Taking in only a little of the Bible at a time helps me to get a deeper sense of what God wants to say. Recently, I have been reading the book of Proverbs, one chapter at a time, and then selected a single verse in that chapter for reflection. I am able to apply that one verse more tastefully than if I simply sucked in the entire chapter.

3) Hold
The next step is to hold some of the smoke in your mouth, for enjoyment.

Reminding myself of the single verse at various times during the day gave me a chance to savor the lesson. The other day, Proverbs verse reminded me to “guard my heart” and it helped me stay calm when I felt overwhelmed about preparing for my schedule the following day.

4) Inhale Further
Next, the smoke is to be inhaled all the way down to the lungs.

Sometimes, the message I learned the day before (such as the “guard my heart” reminder) needs to get deep into my being. I decided to dwell on it for the next couple days as well. It made a difference.

5) Let Go
Finally, there are various ways to demonstrate your “coolness” by the stylistic way to let go and blow out the smoke.

For me, this means to let go of what I think I can control and simply breathe out my own efforts to let God work instead.

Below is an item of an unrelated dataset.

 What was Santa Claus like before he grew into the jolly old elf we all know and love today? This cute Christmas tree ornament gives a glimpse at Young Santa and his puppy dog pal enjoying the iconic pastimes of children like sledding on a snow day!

Thinking through these steps, I inhaled a dose of peace instead of tobacco. Drew in some stillness. Exhaled some stress. When I returned to my work later that day, I was more productive and energized.

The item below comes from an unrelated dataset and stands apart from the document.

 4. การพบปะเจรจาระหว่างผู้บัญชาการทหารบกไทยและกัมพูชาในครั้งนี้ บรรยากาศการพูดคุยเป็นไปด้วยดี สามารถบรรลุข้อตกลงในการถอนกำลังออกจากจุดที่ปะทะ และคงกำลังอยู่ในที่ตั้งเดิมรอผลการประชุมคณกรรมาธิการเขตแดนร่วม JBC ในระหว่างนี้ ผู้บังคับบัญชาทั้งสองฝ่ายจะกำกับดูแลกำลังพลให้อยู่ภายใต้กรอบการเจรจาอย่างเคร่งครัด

And I was as cool as the Marlboro Man.

Thursday, July 17, 2014

Cleaning the Inside

Any fellow coffee lovers out there? Like you, I’m constantly on the search for the perfect cup of coffee, every time. About a year ago, I rediscovered the beauty of the electric percolator…you know, the kind my parents used when I was young. I enjoy the traditional drip coffee makers and also the Keurig single-cup appliances, but when a friend gave me a cup of coffee made in her percolator, I was hooked. My coffeepot was on its last leg, and when it died, my next model was shiny and silver.

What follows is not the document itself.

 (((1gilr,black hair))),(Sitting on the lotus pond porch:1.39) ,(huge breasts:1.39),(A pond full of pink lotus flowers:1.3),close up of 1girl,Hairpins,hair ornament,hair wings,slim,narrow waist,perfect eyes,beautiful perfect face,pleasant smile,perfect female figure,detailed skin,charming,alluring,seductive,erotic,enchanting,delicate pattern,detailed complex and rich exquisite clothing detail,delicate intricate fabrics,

After a year of using my percolator, day after day, sometimes twice a day, the inside was—ahem—black. My coffee, like my heart and the words that come out of my mouth, can get bitter with long-time residue left unattended.

It was time to clean the inside.

The tiny quarter-sized well at the bottom of my percolator was impossible to reach, let alone clean. Yes, I tried scrubbing. But as with most coffee makers, the stains became permanent. I considered a popular vinegar method to clean it but was skeptical because I didn’t want the taste of vinegar mixing with my beloved cup of coffee.

Then I tried another method: the dishwasher soap method. I took a dishwasher tablet, placed it in the pot, added boiling water to the top and let it sit for a half hour. The coffee stains practically removed themselves from the inside of the pot and my coffee tastes delicious again. The reason my coffeepot is sparkly clean now is not because of my efforts, but because of what I used to clean it.



This reminds me of the bible verse where Jesus speaks to the Pharisees about cleaning the outside of the cup and dish, not the inside.
Matthew 23:25-26
25 “Woe to you, teachers of the law and Pharisees, you hypocrites! You clean the outside of the cup and dish, but inside they are full of greed and self-indulgence. 26 Blind Pharisee! First clean the inside of the cup and dish, and then the outside also will be clean.

I am making efforts to clean my attitude about eating healthy---again. I am always making these efforts. But the question is:

What am I using as my cleaning product?

The only thing that works…the only thing that EVER worked…is daily prayer. It’s the ultimate dishwasher tablet. Not Dawn, not Cascade, but Prayer. The residue of life’s leftover gunk in my heart practically removes itself when I do this. My heart, like my coffee, becomes better, not bitter.

What’s your version of the ultimate cleaning product?